*WHAT YOU ARE ASKED TO DO*: Exactly the lines below from the line with "Професійна твердосплавна фреза" through the line with "Horta em espiral: passo" must make up the answer, both ends included and pictures left out.

*DATASET*:
== Segment start ==

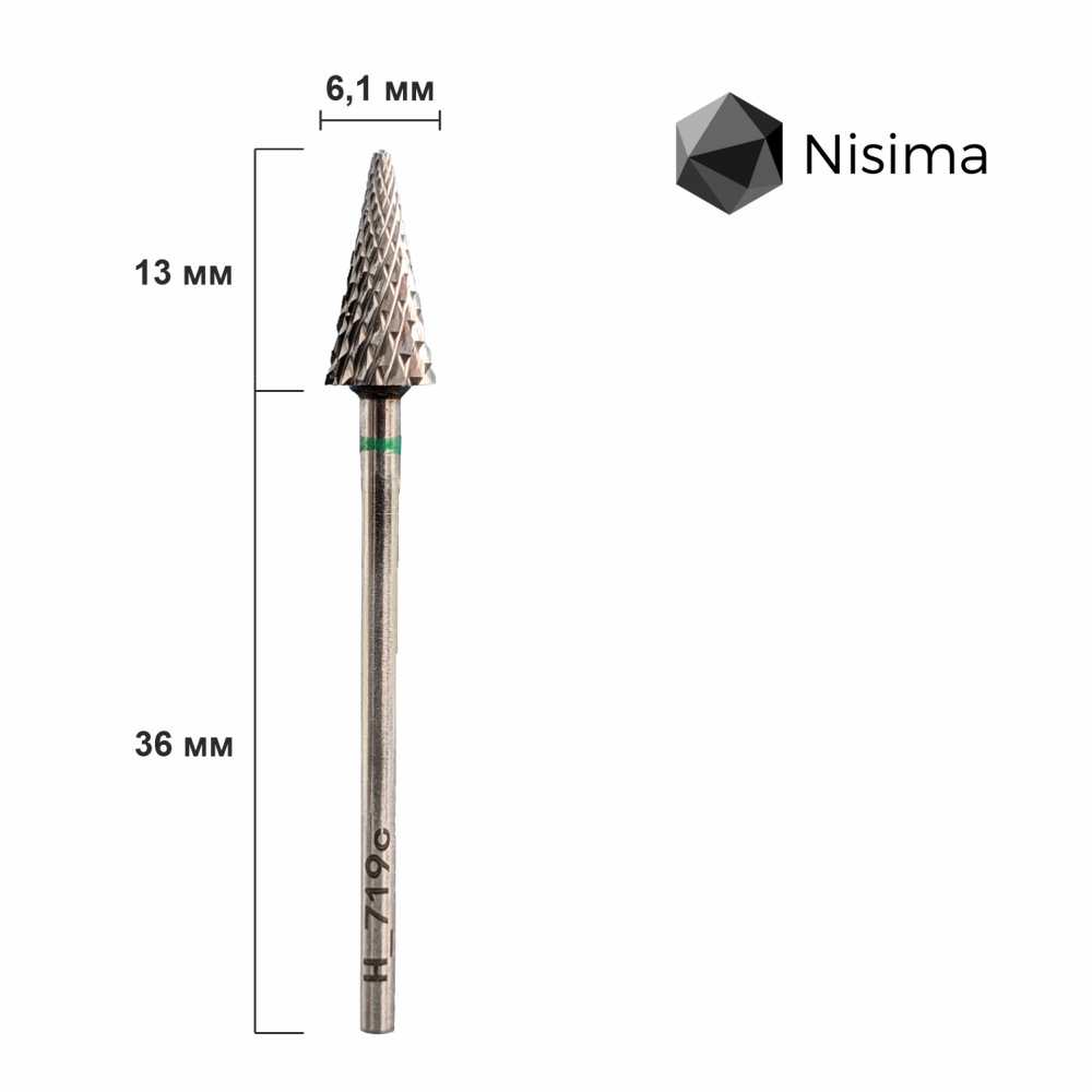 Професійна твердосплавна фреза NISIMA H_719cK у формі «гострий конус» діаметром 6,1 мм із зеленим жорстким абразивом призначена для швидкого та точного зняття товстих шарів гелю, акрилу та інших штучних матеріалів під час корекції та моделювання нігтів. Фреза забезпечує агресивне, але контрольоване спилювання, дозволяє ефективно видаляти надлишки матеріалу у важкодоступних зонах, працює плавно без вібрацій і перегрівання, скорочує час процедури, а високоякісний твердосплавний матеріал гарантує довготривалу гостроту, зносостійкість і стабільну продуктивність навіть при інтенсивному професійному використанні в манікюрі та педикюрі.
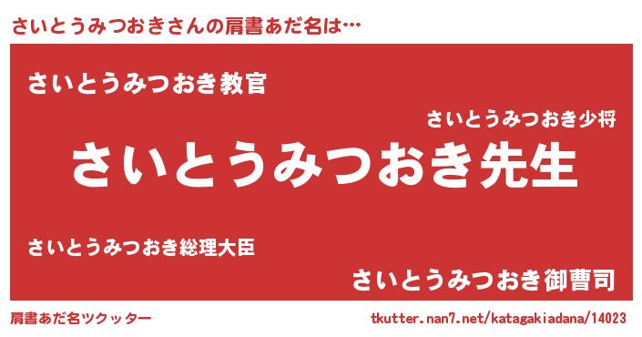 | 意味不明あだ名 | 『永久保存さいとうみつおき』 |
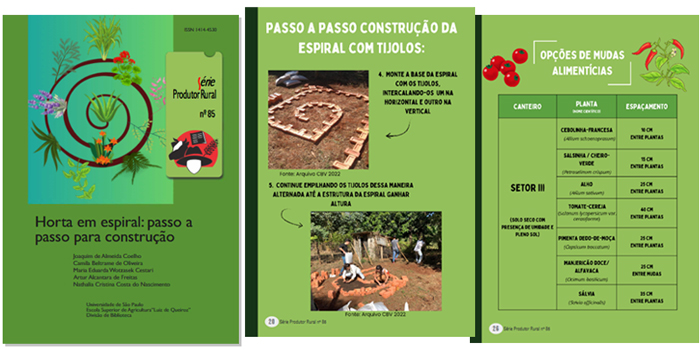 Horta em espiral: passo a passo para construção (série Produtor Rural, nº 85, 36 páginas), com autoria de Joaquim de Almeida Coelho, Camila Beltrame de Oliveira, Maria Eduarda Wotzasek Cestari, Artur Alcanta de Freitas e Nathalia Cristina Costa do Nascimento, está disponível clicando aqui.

== Segment end ==
== Segment start ==

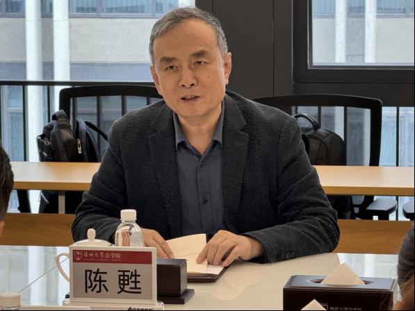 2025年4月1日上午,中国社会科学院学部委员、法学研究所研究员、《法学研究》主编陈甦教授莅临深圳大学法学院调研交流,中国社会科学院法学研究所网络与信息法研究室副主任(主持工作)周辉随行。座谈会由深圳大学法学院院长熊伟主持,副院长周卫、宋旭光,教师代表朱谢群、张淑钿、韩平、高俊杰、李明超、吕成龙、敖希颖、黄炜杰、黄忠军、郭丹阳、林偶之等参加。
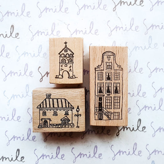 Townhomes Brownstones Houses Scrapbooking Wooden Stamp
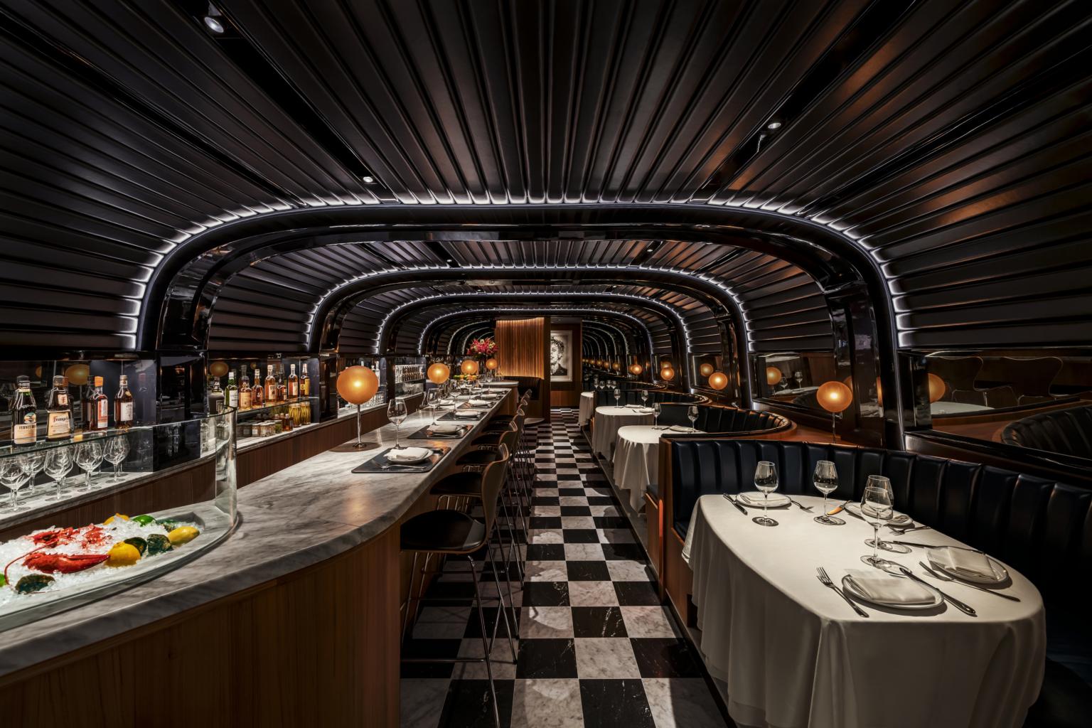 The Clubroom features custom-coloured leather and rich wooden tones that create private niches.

== Segment end ==

*EXERCISE RESPONSE*:
 Професійна твердосплавна фреза NISIMA H_719cK у формі «гострий конус» діаметром 6,1 мм із зеленим жорстким абразивом призначена для швидкого та точного зняття товстих шарів гелю, акрилу та інших штучних матеріалів під час корекції та моделювання нігтів. Фреза забезпечує агресивне, але контрольоване спилювання, дозволяє ефективно видаляти надлишки матеріалу у важкодоступних зонах, працює плавно без вібрацій і перегрівання, скорочує час процедури, а високоякісний твердосплавний матеріал гарантує довготривалу гостроту, зносостійкість і стабільну продуктивність навіть при інтенсивному професійному використанні в манікюрі та педикюрі.
 | 意味不明あだ名 | 『永久保存さいとうみつおき』 |
 Horta em espiral: passo a passo para construção (série Produtor Rural, nº 85, 36 páginas), com autoria de Joaquim de Almeida Coelho, Camila Beltrame de Oliveira, Maria Eduarda Wotzasek Cestari, Artur Alcanta de Freitas e Nathalia Cristina Costa do Nascimento, está disponível clicando aqui.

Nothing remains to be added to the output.